Matt Sheahan in his post argues against the scenario I discussed in my last post, that what likely happened was that the boat suddenly flipped before the crew could deploy and board a liferaft. Sheahan urges the loss of the keel might have been gradual, giving the crew time to react. Others have argued that the fact that there were two personal rescue beacon hits from devices lit off in sequence, one after the other, proves that there must be survivors in a liferaft.

Again, the question in my mind is: under what circumstances do you have time to board a liferaft without bringing along the ship’s EPIRB? Two PLB hits in sequence does, of course, suggest there are two or more people cooperating on getting rescued, but they could just as easily be together in the water as in a raft while doing it.
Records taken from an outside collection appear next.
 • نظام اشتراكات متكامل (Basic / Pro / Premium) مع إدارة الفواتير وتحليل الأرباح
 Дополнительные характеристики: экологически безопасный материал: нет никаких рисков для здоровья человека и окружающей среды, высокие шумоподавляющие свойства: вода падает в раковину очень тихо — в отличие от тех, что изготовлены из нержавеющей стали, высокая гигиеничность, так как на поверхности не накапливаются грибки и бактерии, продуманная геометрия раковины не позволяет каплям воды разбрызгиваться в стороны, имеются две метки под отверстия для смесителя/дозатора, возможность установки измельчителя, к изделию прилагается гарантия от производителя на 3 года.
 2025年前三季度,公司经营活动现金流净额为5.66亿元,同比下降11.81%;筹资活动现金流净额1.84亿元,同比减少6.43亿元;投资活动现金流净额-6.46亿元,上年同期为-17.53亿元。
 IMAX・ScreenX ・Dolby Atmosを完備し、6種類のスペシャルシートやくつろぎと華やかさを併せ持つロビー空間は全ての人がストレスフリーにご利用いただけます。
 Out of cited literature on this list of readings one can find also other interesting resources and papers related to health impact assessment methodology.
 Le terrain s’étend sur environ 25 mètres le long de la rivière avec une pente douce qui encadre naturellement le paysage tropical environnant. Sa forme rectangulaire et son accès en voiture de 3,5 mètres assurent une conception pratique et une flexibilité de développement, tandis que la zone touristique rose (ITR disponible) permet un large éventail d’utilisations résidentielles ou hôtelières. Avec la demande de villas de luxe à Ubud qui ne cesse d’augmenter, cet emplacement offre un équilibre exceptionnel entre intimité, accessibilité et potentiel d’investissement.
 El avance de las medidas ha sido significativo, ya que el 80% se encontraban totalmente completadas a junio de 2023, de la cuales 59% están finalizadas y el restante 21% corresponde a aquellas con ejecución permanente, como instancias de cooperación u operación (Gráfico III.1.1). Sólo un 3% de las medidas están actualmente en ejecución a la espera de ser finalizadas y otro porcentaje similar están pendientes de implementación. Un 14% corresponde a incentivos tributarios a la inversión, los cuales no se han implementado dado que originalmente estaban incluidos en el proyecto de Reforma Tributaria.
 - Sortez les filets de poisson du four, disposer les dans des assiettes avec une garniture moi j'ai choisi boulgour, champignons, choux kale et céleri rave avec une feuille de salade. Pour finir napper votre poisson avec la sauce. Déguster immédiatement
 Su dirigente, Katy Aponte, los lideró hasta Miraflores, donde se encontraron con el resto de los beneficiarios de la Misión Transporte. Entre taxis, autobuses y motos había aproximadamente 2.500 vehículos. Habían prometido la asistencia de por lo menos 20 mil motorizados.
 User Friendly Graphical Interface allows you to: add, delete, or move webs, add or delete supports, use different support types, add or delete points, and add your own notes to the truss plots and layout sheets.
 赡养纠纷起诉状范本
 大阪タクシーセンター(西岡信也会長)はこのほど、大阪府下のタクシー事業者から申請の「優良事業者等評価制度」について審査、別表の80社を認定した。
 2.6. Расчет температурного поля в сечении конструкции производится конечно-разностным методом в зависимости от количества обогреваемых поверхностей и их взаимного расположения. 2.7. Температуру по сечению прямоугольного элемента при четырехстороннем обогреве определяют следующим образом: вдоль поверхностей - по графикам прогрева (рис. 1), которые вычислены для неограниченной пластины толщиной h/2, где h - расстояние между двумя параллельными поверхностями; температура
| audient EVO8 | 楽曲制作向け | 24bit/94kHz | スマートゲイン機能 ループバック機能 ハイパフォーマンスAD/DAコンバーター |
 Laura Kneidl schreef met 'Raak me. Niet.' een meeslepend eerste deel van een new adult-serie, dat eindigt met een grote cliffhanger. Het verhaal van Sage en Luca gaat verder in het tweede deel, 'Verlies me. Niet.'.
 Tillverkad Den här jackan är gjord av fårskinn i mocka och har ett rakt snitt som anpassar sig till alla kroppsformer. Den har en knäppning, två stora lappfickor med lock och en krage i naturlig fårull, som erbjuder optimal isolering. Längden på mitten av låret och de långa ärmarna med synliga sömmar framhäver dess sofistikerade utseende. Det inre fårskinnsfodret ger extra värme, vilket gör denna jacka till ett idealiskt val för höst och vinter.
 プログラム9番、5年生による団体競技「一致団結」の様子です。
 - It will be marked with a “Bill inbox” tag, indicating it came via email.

I have read one report that states the ship’s EPIRB was ignited on Thursday, when the crew first reported they were taking on water, but no source is cited and I find no other reports confirming it. Given what we know, it seems unlikely. The crew reported Thursday they had a leak that was under control and that they were diverting to the Azores; given their experience, you wouldn’t think they’d also light off their EPIRB at this time. If they had, SAR resources would have immediately been focussed on recovering them.

One can only assume that the Coast Guard’s working assumption when they called off the initial search after just 53 hours was that any survivors had to have been in the water. I believe they made the right call resuming the search, given all the interest and unusual circumstances, but realistically I think the odds of finding survivors are slim.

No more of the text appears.